## DATA BLOCK
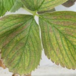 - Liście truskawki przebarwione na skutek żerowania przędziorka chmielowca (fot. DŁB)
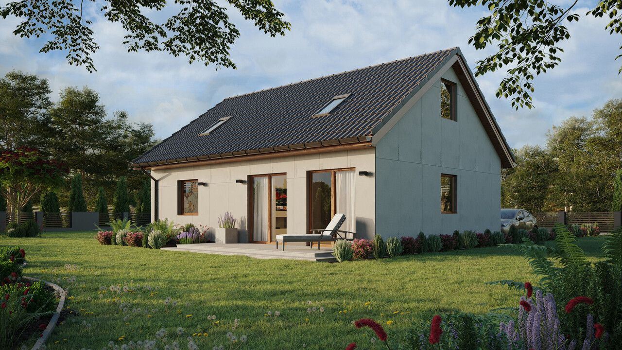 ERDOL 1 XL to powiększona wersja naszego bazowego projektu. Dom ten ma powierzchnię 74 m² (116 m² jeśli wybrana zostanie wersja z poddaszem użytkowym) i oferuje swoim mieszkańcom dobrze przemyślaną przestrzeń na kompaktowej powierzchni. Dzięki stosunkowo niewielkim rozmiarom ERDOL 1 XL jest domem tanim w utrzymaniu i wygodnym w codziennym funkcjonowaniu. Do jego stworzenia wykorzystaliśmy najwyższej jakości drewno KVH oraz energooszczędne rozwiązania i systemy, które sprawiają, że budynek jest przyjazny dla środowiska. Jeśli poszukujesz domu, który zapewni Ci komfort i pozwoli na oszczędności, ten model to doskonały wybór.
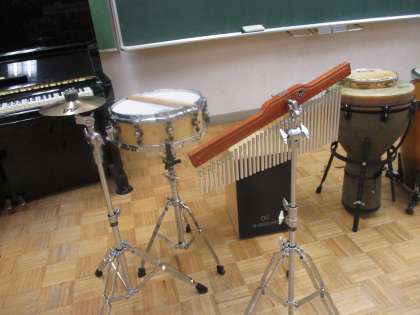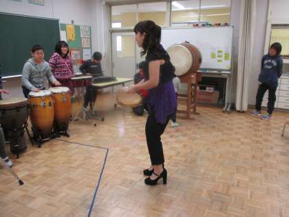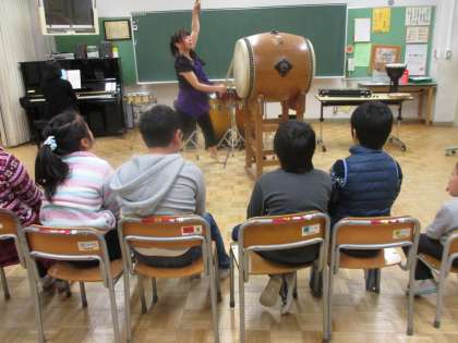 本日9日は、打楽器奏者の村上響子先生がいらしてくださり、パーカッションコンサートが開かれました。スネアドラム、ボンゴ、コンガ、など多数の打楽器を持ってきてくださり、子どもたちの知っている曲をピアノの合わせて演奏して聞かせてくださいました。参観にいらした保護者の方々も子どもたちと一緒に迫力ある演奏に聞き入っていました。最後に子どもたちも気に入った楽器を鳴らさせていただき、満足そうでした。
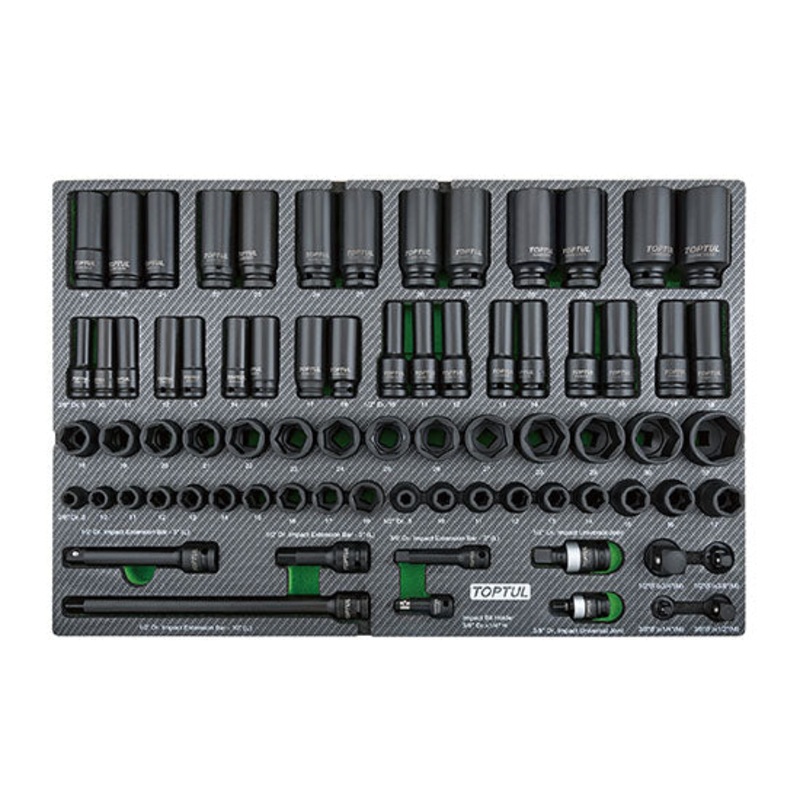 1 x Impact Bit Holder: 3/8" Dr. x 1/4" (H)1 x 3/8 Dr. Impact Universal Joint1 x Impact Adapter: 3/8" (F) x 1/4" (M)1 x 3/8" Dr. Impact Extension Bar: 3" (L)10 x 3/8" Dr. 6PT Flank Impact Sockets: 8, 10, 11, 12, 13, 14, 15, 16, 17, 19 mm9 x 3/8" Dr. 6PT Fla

## WORK INSTRUCTIONS
Please repeat, exactly as written, only the lines from the line with "本日9日は、打楽器奏者の村上" to the end of the data, leaving out every picture.

## TASK RESULT
 本日9日は、打楽器奏者の村上響子先生がいらしてくださり、パーカッションコンサートが開かれました。スネアドラム、ボンゴ、コンガ、など多数の打楽器を持ってきてくださり、子どもたちの知っている曲をピアノの合わせて演奏して聞かせてくださいました。参観にいらした保護者の方々も子どもたちと一緒に迫力ある演奏に聞き入っていました。最後に子どもたちも気に入った楽器を鳴らさせていただき、満足そうでした。
 1 x Impact Bit Holder: 3/8" Dr. x 1/4" (H)1 x 3/8 Dr. Impact Universal Joint1 x Impact Adapter: 3/8" (F) x 1/4" (M)1 x 3/8" Dr. Impact Extension Bar: 3" (L)10 x 3/8" Dr. 6PT Flank Impact Sockets: 8, 10, 11, 12, 13, 14, 15, 16, 17, 19 mm9 x 3/8" Dr. 6PT Fla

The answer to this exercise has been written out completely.